Purpose Isn't Found. It's Revealed When You Stop Performing
Last time, we talked about values and beliefs, how most of us live from a template we didn't design, absorbing what mattered to everyone else until it became our default.
Your beliefs shape what you think is possible. Your values decide what you prioritize. And together, they quietly script the life you end up performing.
So if those beliefs and values were inherited, what does that mean for your purpose? It means the purpose you think you're chasing might not even be yours.
The Illusion of Purpose
People love to talk about finding purpose, as if it's lost somewhere, waiting for you to stumble across it after the right podcast or retreat. But purpose isn't something you find. It's what becomes visible when you stop performing someone else's values.
For years, I performed. I was the responsible one, the steady one, the woman who made everything work. I thought that was purpose, to hold it all together. It wasn't. It was programming.
The Slow Reveal
Purpose doesn't reveal itself when life finally makes sense; it appears in the quiet after you stop pretending it does.
I have looked at purpose from many worthy angles. In the end, for me, for King Tide, purpose isn't a destination or a job title. It's a state of alignment between what you believe, what you value, and how you live. It's what rises naturally when your inner truth stops fighting your outer performance.

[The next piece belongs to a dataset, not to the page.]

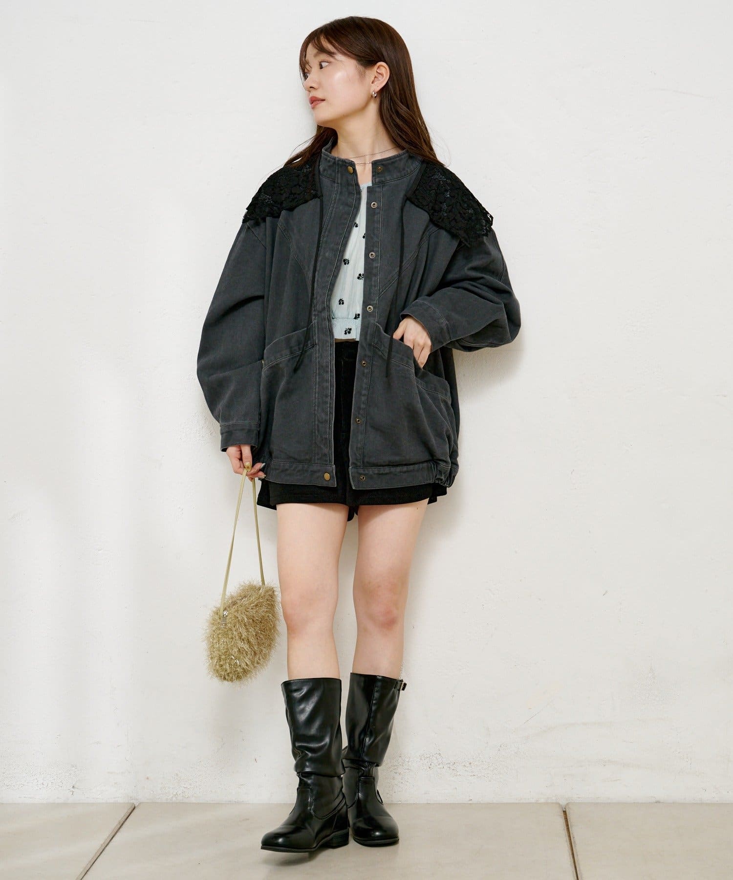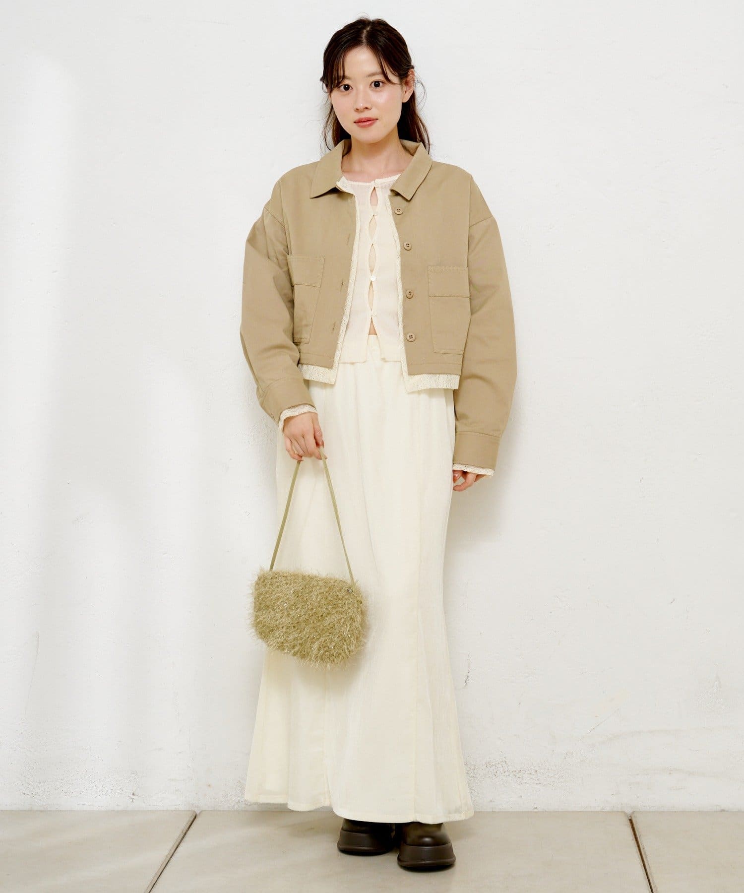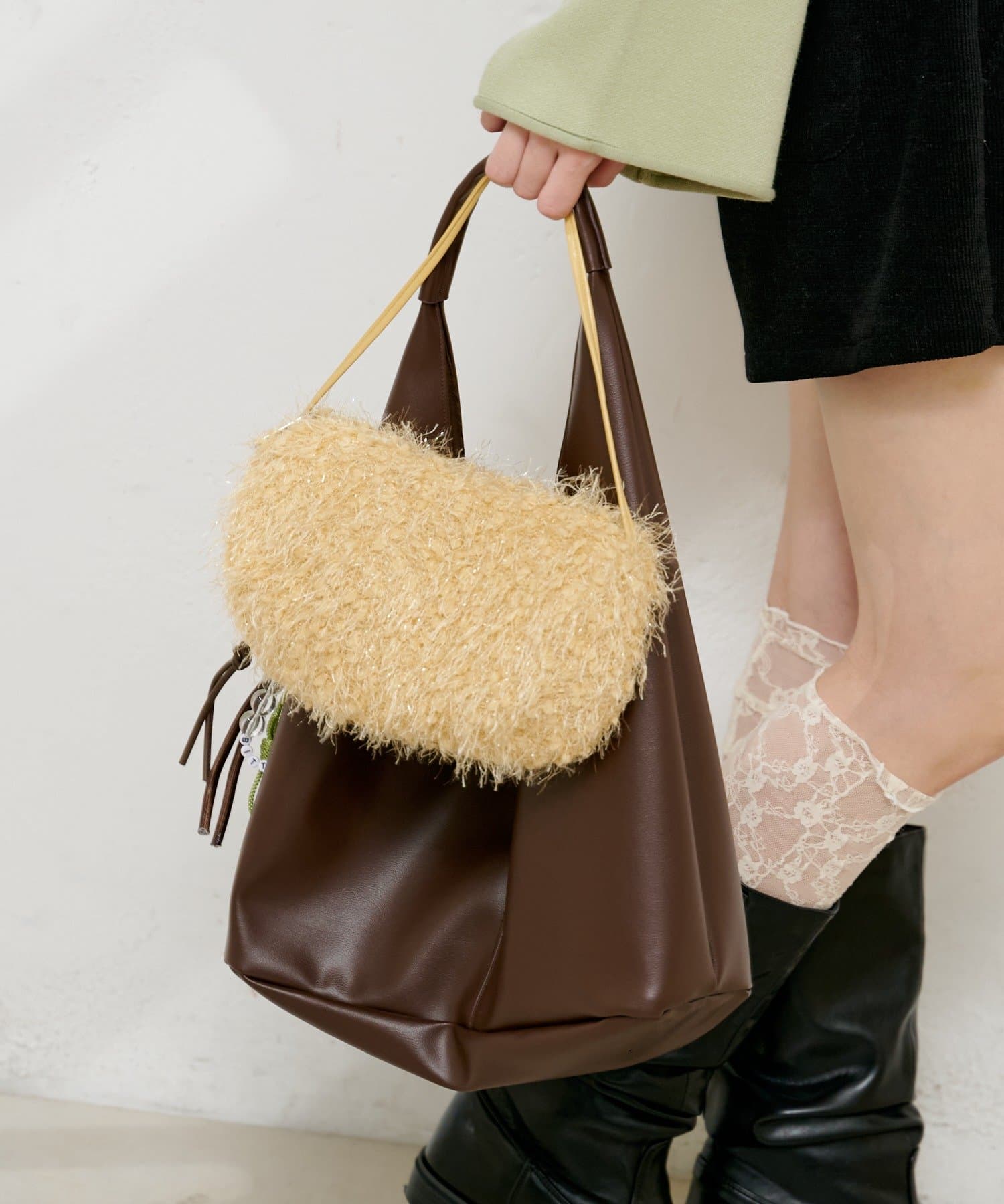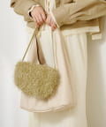 ふわっとしたシャギー素材のミニバッグは、コーデに抜け感をプラス。

This understanding came partly from living it and partly from existential philosophy. Sartre wrote that we're "condemned to be free", that our purpose isn't given to us, it's created through our choices. Beauvoir took it further: freedom only becomes real when we live authentically, when we stop hiding behind roles and take responsibility for who we're becoming, and when we recognize that our freedom connects to others'. That choosing ourselves authentically not only frees us, it models freedom for those watching.
That's exactly what I was doing without knowing the philosophy, peeling back the roles, facing the freedom, choosing even when the choosing felt terrifying. Reading them later didn't teach me something new. It gave me language for what I'd already started living.
I've been assembling my purpose these past years, grasping at pieces of it while old and new beliefs fought it out in my head, while my values were being rewritten and redefined. Purpose didn't arrive all at once. It showed up slowly, quietly, as I gave it space to breathe, as I stopped feeding the self-doubt, the guilt, and the noise of all my supposed mistakes.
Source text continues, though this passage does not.